Oxford Blues

A reader writes:

I was at Oxford from 1983-87 too (Keble - 'not really Oxford' as one family friend put it) and as a Grammar School boy I have memories of the Bullingdon club and their ilk seared into my amygdala. The main thing that I was conscious was the sense of total entitlement ... that the world in general and Oxford in particular revolved around them.

I've never been unhappier than I was at Oxford, largely because of the class split that was still totally evident there. The year afterwards, I went to the States and realised that the entire worlds was NOT like Oxford and that in a meritocracy it didn't actually matter whether you had been a member of the Bullingdon club or not. Those who have not seen their progeny up close tend to think that places like Eton and institutions like Oxford prepare men and women for positions of great power and responsibility. The truth is quite the opposite, and that is the real reason why we should be wary of yet another Old Etonian, or Skull-and-Boneser, jostling for the reins of power.
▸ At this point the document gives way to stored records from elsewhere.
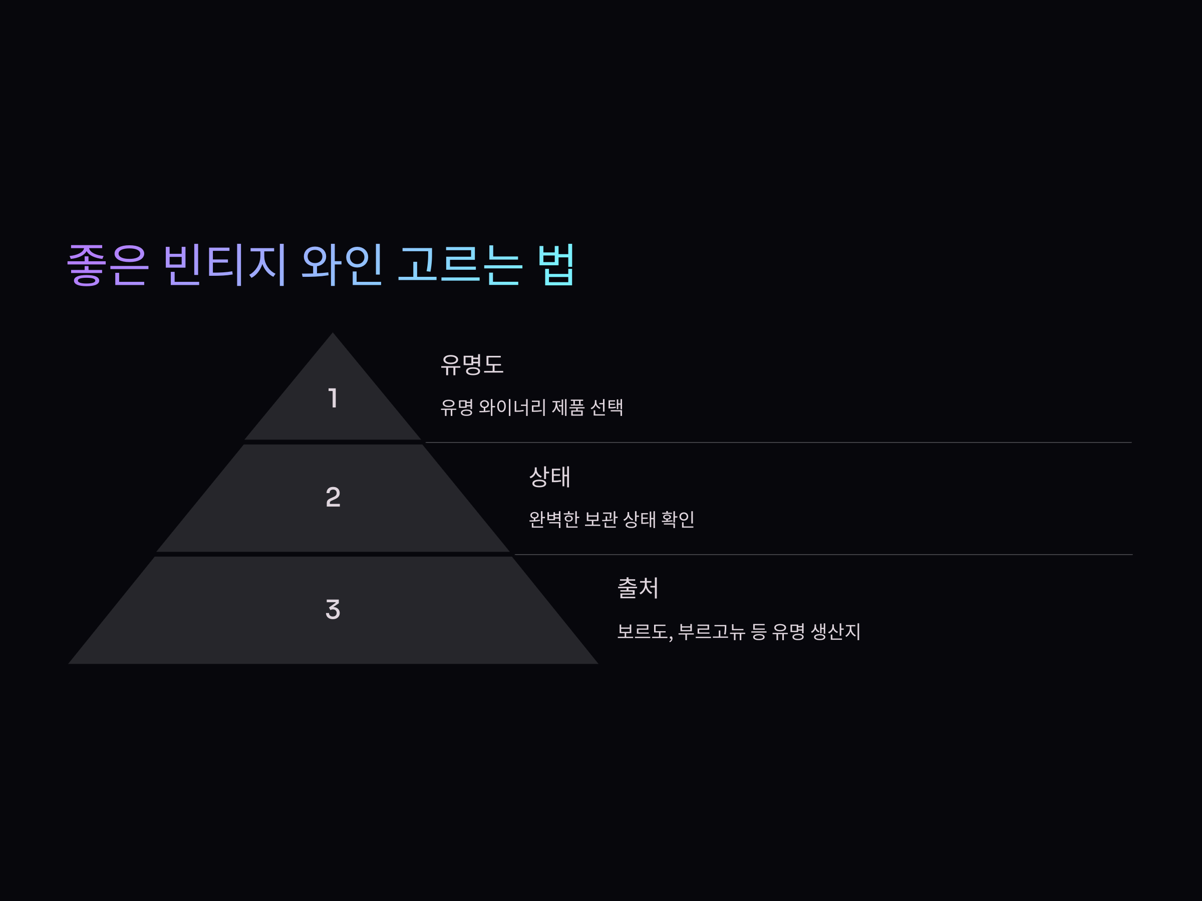 두 번째로, 와인의 상태가 중요합니다. 빈티지 와인이 시간이 지나면서 더욱 깊은 맛을 낸다고는 하지만, 이는 와인의 보관 상태가 완벽할 때만 가능합니다. 제대로 보관되지 않은 와인은 가치가 하락할 수 있으므로, 와인을 구매할 때는 반드시 보관 상태와 관리 방법을 고려해야 합니다.
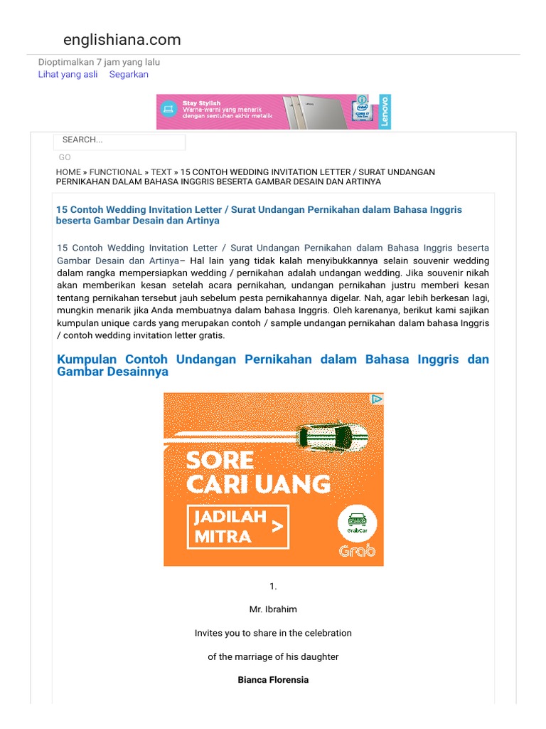 Contoh Undangan Pernikahan Islami Dalam Bahasa Inggris Dan
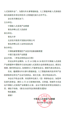 为了提高我国智能制造、人工智能和嵌入式系统技术及应用水平,促进智能制造深入发展,中国嵌入式系统产业联盟和青岛市崂山区人民政府定于11月14日和15日(星期五)在美丽的海滨城市青岛联合主办“中国智能制造技术创新发展国际论坛暨2019年中国嵌入式系统年会”,为国内外从事智能制造、人工智能和嵌入式系统的相关高新技术单位和技术人员搭建交流与合作平台。
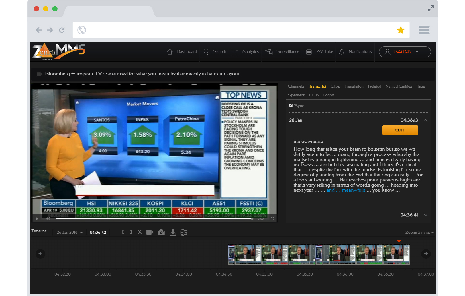 Traditional broadcast media (Television and Radio), and the exponentially growing number of online video and audio sources, provide customers with access to a real-time information source for emerging situations and public and customer sentiment and the ability to develop a searchable archive of video and audio over any time period. To deliver actionable intelligence from these sources Zenith provides fully automated, multi-lingual broadcast media monitoring and archiving across hundreds of sources in real-time with real-time transcription and translation of all available audio and on-screen text sources in over 30 languages including Arabic. The solution provides an easy to use interface for the different operator tasks to support.
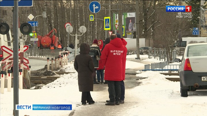 Члены штаба Народного фронта проинспектировали железнодорожный переезд на улице Нехинская в Великом Новгороде

I'm not so bitter. I've known many Etonians who are well-balanced, sane and gifted people. Same with Skull and Bones: they can't all be at the same level as the president has turned out to be. My own lesson coming to America was to let these resentments die the death they deserve. Of course, immigrating to America was the lazy Brit's way to avoid the class issue. But it seems that many of those who never left have come to feel the same way.